- WHAT THE TASK ASKS
Would you reproduce, word for word, only the lines running from the top of the data through the line containing "犹他大学位于全美最安全的城市", and none of the pictures?

Extracted data entries:
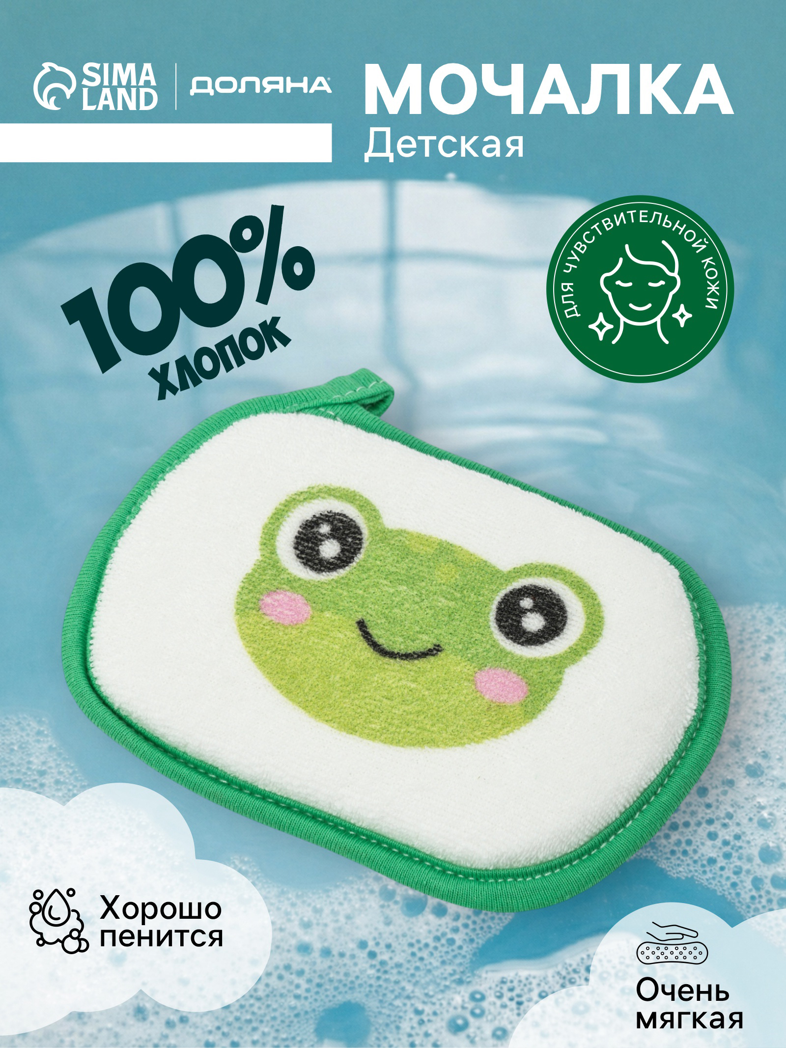 Мочалка детская для купания Доляна Лягушонок, длина 12 см
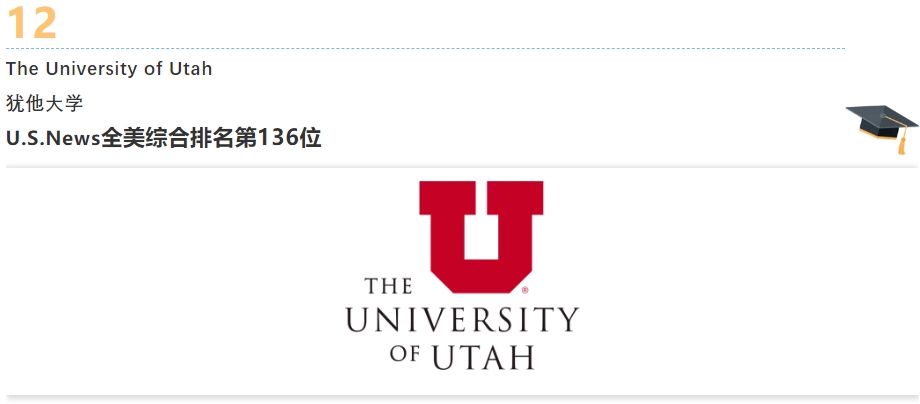 犹他大学位于全美最安全的城市之一犹他州首府盐湖城,是一所世界顶尖的公立研究型大学,拥有5位诺贝尔奖、8位麦克阿瑟奖、3位图灵奖、17位美国科学院与工程院院士、22位罗德学者、2位宇航员,是全美科研经费投资TOP50, 美国能源部投资的5所大学之一,游戏设计专业全美排名第1,创业学全美第7,计算机图形学的发源地。
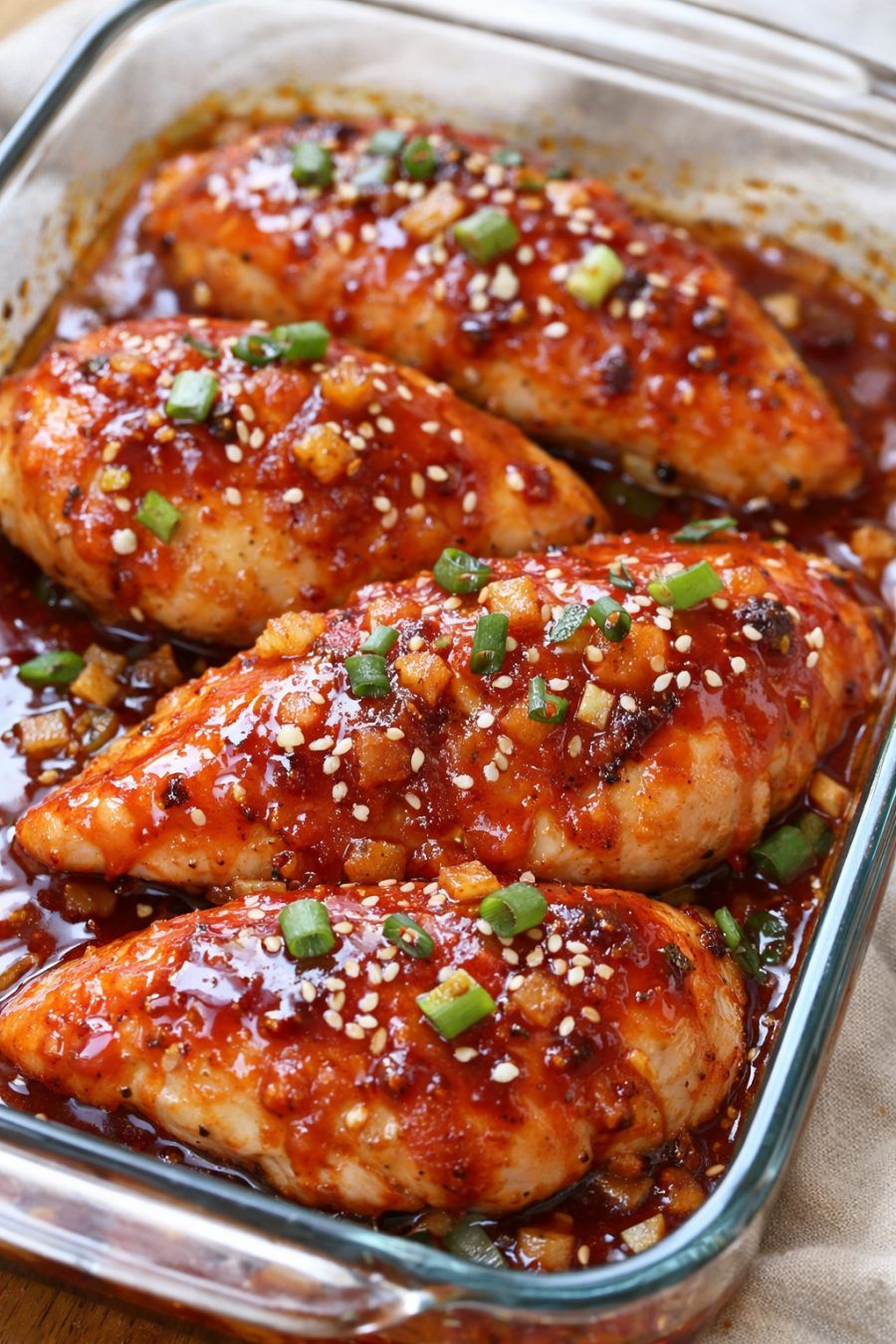 For an extra glossy, slightly caramelized finish, spoon more sauce over the chicken and bake uncovered for an additional 5 minutes. The glaze should cling to the chicken in a shiny, sweet red layer.
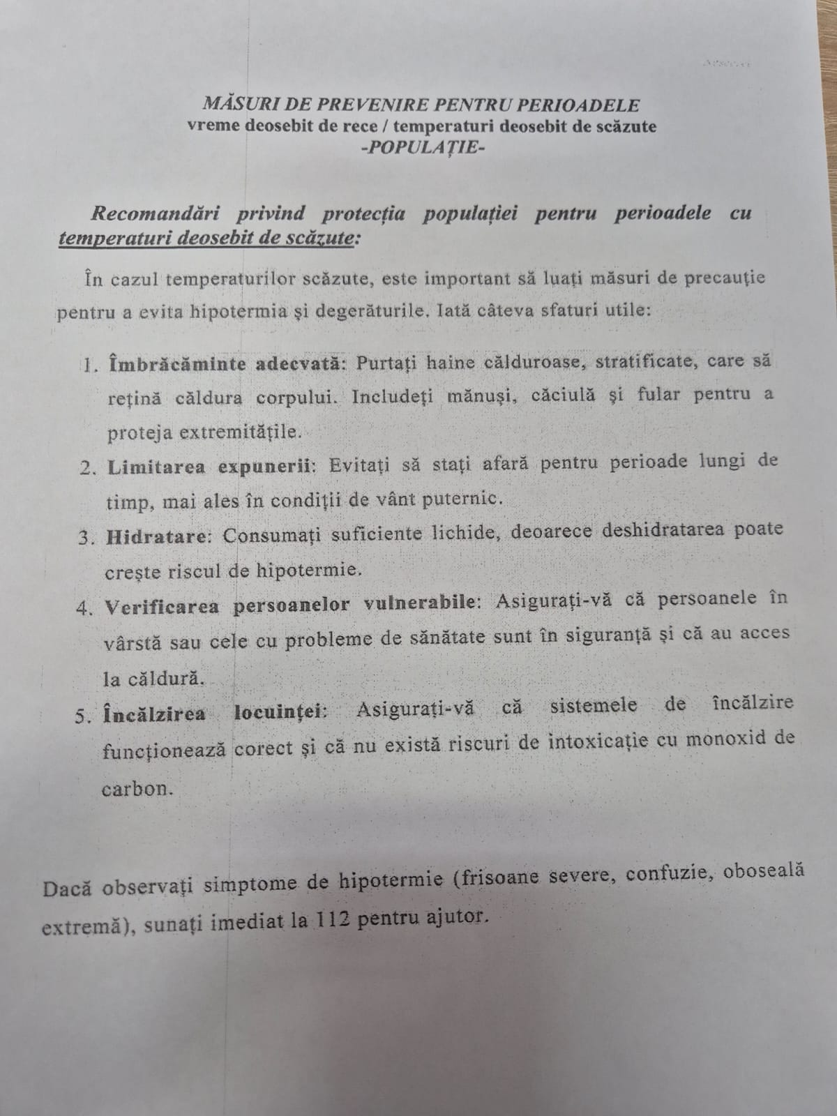 Masuri de prevenire pentru perioadele cu temperaturi deosebit de scazute!
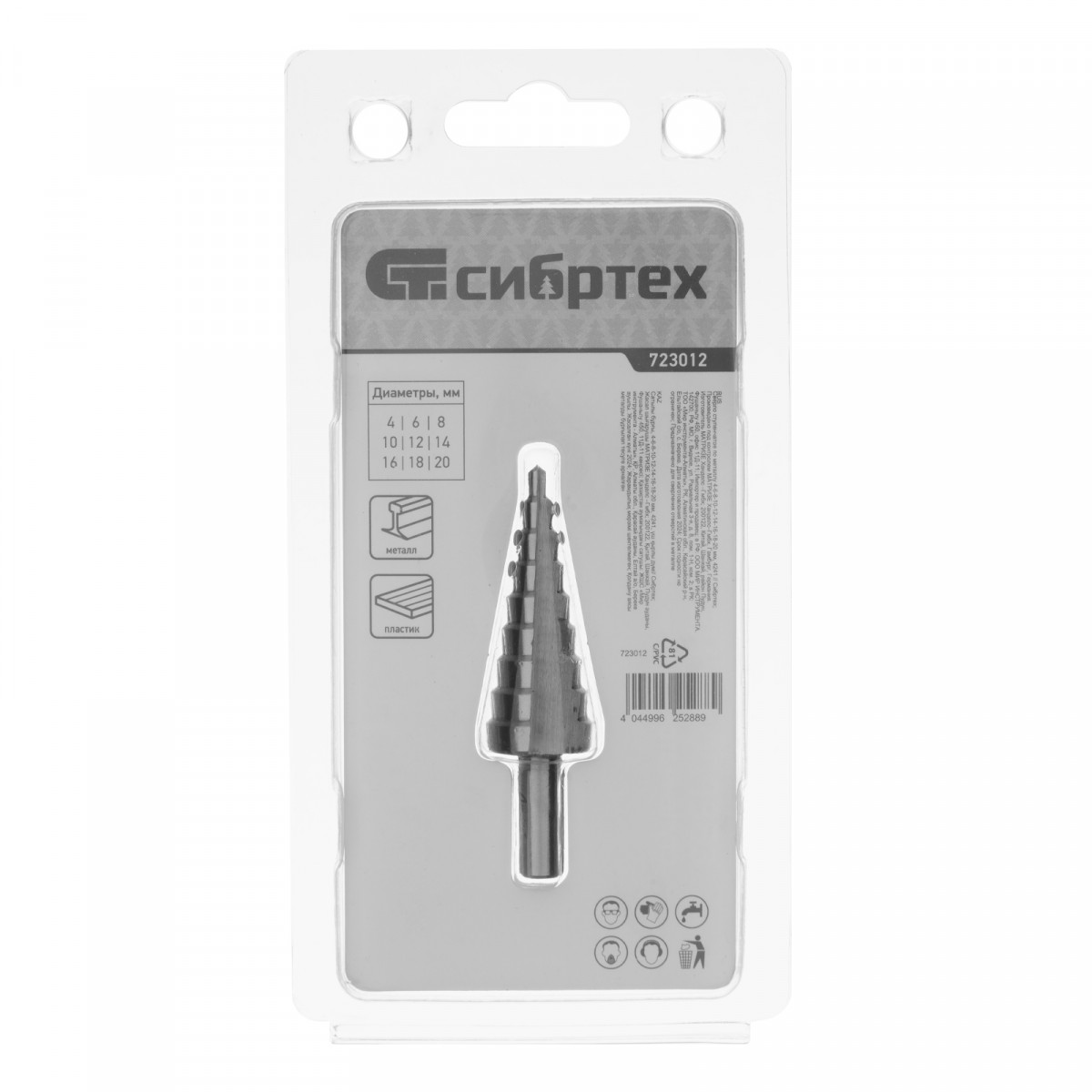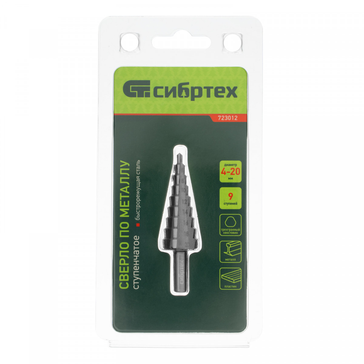 Сверло ступенчатое по металлу 4-6-8-10-12-14-16-18-20 мм, 4241 Сибртех
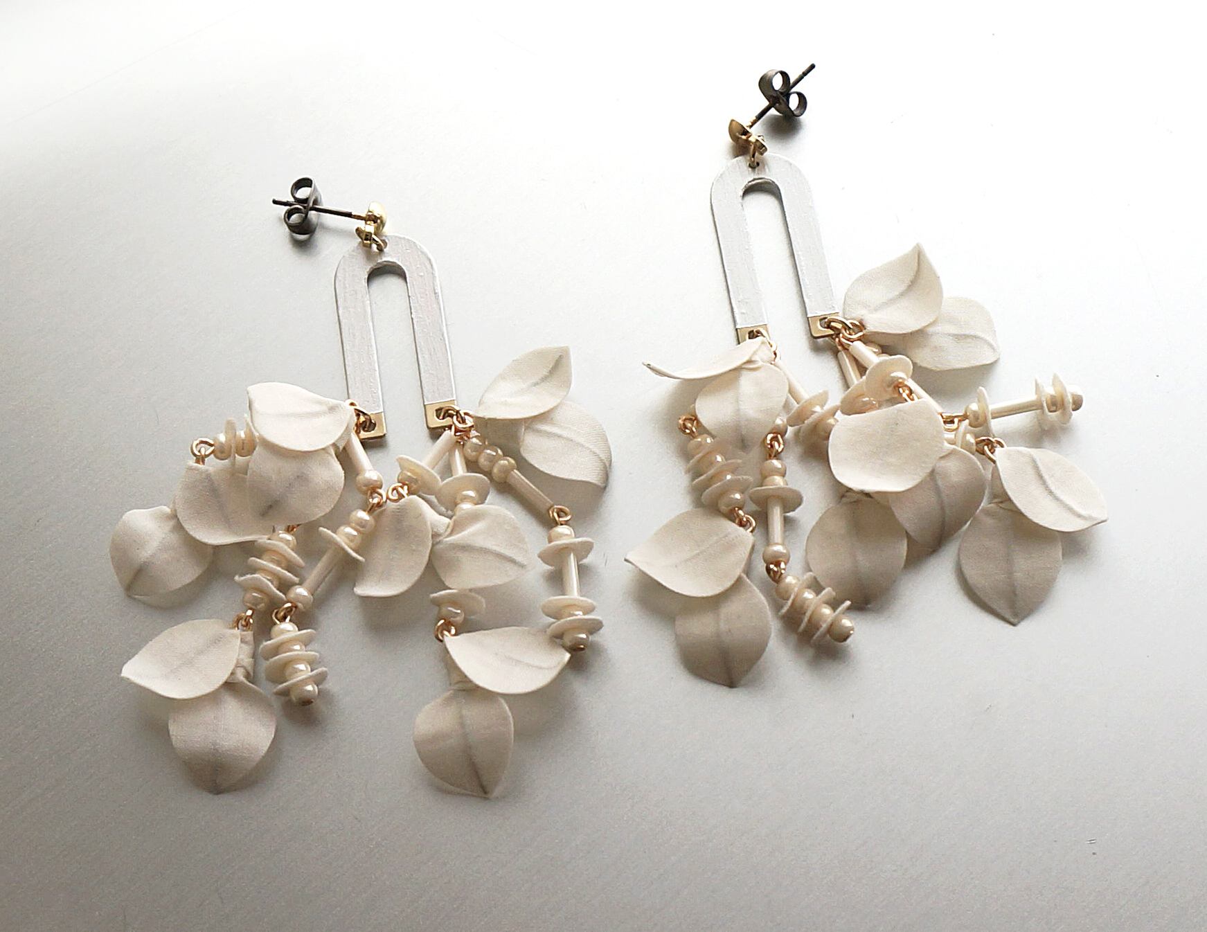 マットなコットンリーフ、艶っとしたビーズ、ハンドペイントのホワイト...

- YOUR RESPONSE
 Мочалка детская для купания Доляна Лягушонок, длина 12 см
 犹他大学位于全美最安全的城市之一犹他州首府盐湖城,是一所世界顶尖的公立研究型大学,拥有5位诺贝尔奖、8位麦克阿瑟奖、3位图灵奖、17位美国科学院与工程院院士、22位罗德学者、2位宇航员,是全美科研经费投资TOP50, 美国能源部投资的5所大学之一,游戏设计专业全美排名第1,创业学全美第7,计算机图形学的发源地。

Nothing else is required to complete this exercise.